• **Task brief**
Every line of the listing must be reproduced as it stands. Leave the images behind.

• **Supplied material**
------------------------------------------------
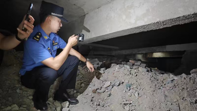 据张傲介绍,经查实,当事人在2011年已因违规挖掘地下室被强制回填过,此次属于二次违法。当事人在未取得任何审批手续的情况下,采取“蚂蚁搬家”的方式私自挖掘地下室,试图逃避执法部门执法检查。然而,这种行为不仅破坏了房屋结构,也严重影响了周边居民的居住环境。更为严重的是,地下室的建设并未经过专业设计和施工,从挖开的洞口可以看到地上与地下仅为4厘米左右的钢筋水泥板面相隔,存在极大的安全隐患。
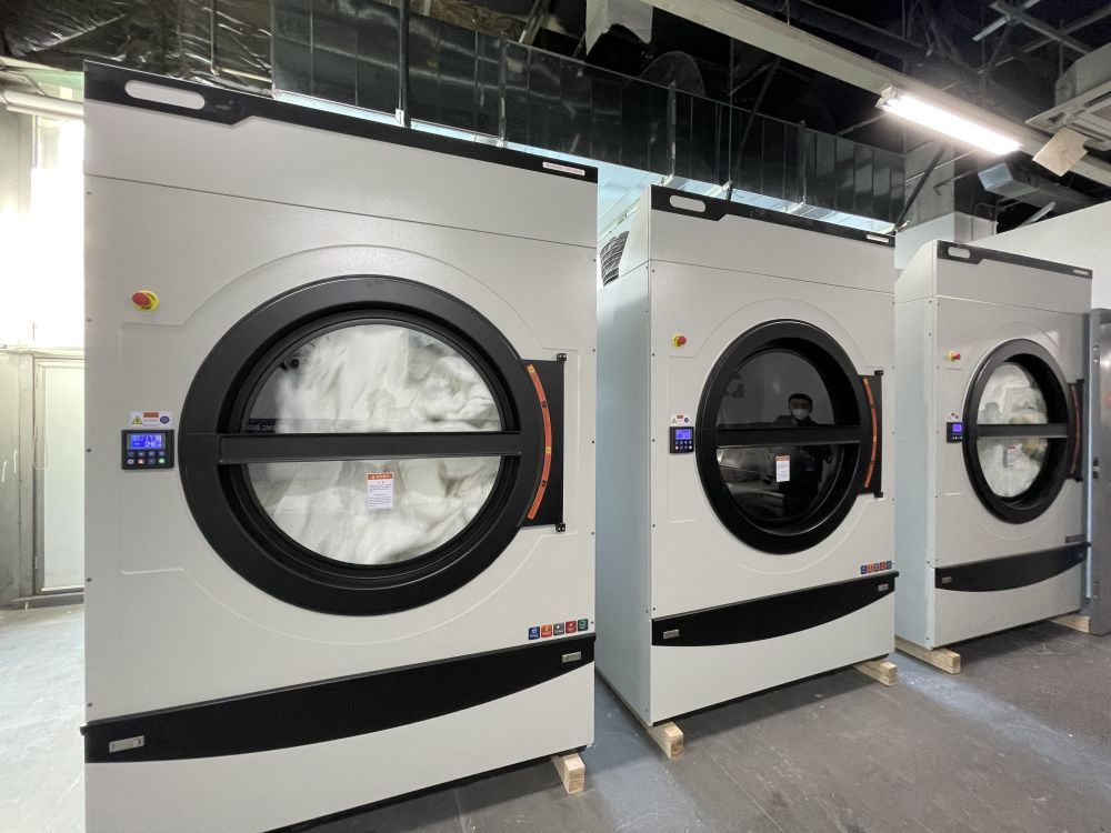 衣物洗涤干净后,将被投入温度达60至80摄氏度的烘干机,进行80分钟的高温烘干、杀菌消毒。
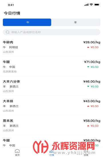 3、切换到行情页面查看牛肉行情,点击搜索功能查找产品查看该产品价格变动情况
------------------------------------------------
• **Output of the task**
 据张傲介绍,经查实,当事人在2011年已因违规挖掘地下室被强制回填过,此次属于二次违法。当事人在未取得任何审批手续的情况下,采取“蚂蚁搬家”的方式私自挖掘地下室,试图逃避执法部门执法检查。然而,这种行为不仅破坏了房屋结构,也严重影响了周边居民的居住环境。更为严重的是,地下室的建设并未经过专业设计和施工,从挖开的洞口可以看到地上与地下仅为4厘米左右的钢筋水泥板面相隔,存在极大的安全隐患。
 衣物洗涤干净后,将被投入温度达60至80摄氏度的烘干机,进行80分钟的高温烘干、杀菌消毒。
 3、切换到行情页面查看牛肉行情,点击搜索功能查找产品查看该产品价格变动情况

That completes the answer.